Die Rote Theaterlaterne für Sachsen-Anhalt? Tom Wolter möchte dem Bundesland auf amüsante und charmante Art und Weise klarmachen, was alles möglich wäre:
"Für die Expedition war es dann eigentlich die Entscheidung, eine Eigenproduktion machen zu wollen, eine Einbildung auch der Stadt und wir haben dann eine Geschichte entwickelt, dass die Stadt voller freier Theater ist. Daraus ist dann die Idee entstanden, dass wir an mehreren Orten diesen Wunsch erlebbar machen."
Ein Haus für die freie Szene
Noch proben die Neuländer um Tom Wolter die Stadtexpedition. Mit dabei sind ein roter Samtvorhang und ein Brötchen essender Pappwolf, der in der Straßenbahn belustigte Menschen anspricht...
"Ich freue mich auf Neuland! Ich freue mich auf Neuland! Wie geht es? Gut, es geht gut."

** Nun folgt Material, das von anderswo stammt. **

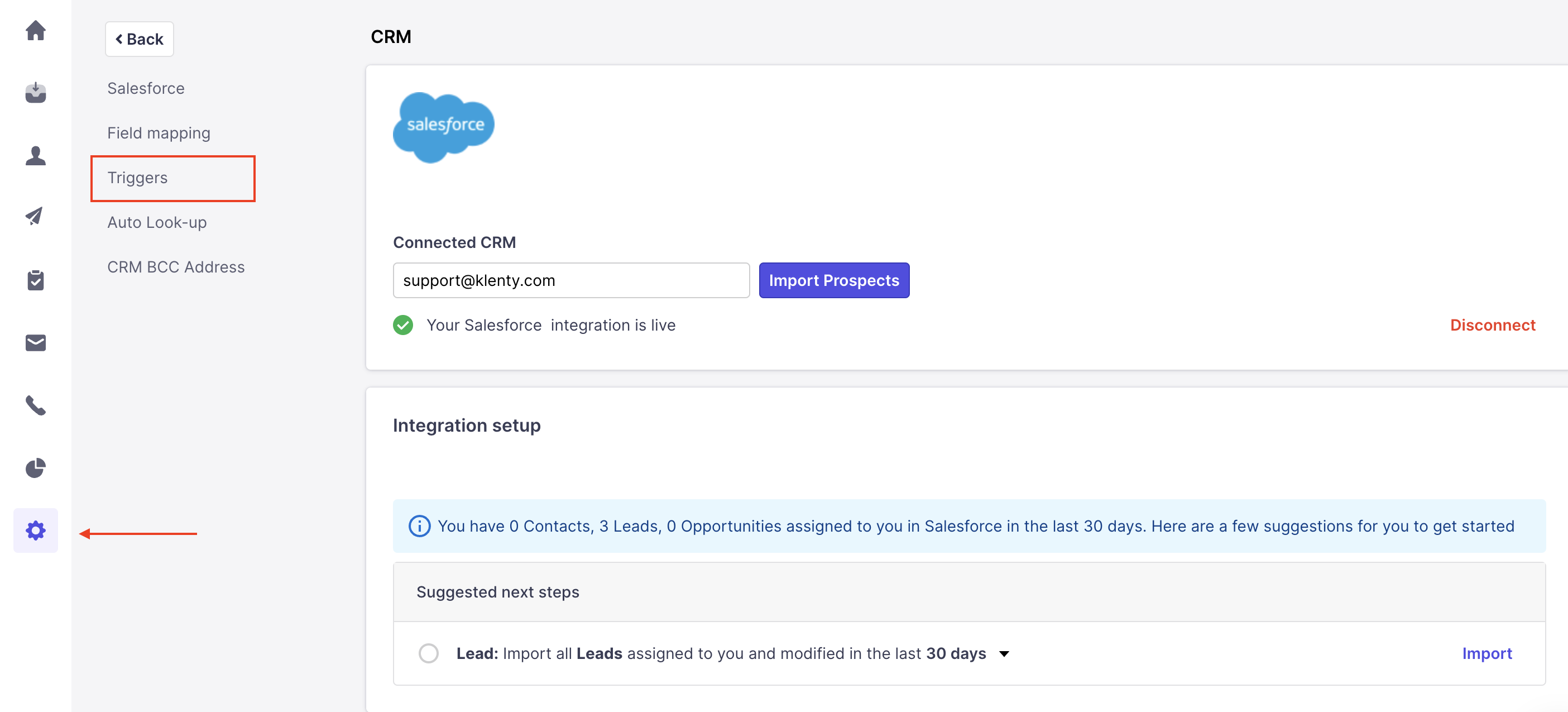After connecting your Salesforce account to Klenty, Go to Settings -> CRM Settings -> Salesforce

Beim Neulandfestival sind heute Abend zum Beispiel die Puppet Masters aus Berlin zu Gast, eine Puppenband. Morgen Abend wird mit "Ruanda Memory" eine gefeierte Inszenierung aus Dresden. Doch vorher gibt es die Expedition ins Freie. Die endet im schlammigen Boden mitten auf Halles größter Baustelle. Gleich neben Deutschlands ältestem Varieté, dem Steintor, soll in Zukunft ein freies Theaterhaus stehen. Das wäre doch schön:
"Genau. Hier entsteht der größte Theaterbau im 21. Jahrhundert im deutschsprachigen Raum. Die Straßenbahnschienen sind sogar schon fertig, im Erdgeschoss wird sozusagen in diesem Bau die Straßenbahn hindurchfahren. Unten gibt es dann eine richtige Theaterhaltestelle. Und hier wird ein vierstöckiges Gebäude errichtet mit vier Sälen, fünf Proberäumen und alle freien Theater finden endlich hier am Steintor, nahe der heiteren Muse, ihren tollen neuen Standort."
20 Freie Theater gibt es allein in Halle. Eine reiche Szene, eine unterfinanzierte Szene. Mittlerweile sind die freien Theater aber auch in Sachsen-Anhalt bestens organisiert. Eine Zukunft wird es also geben.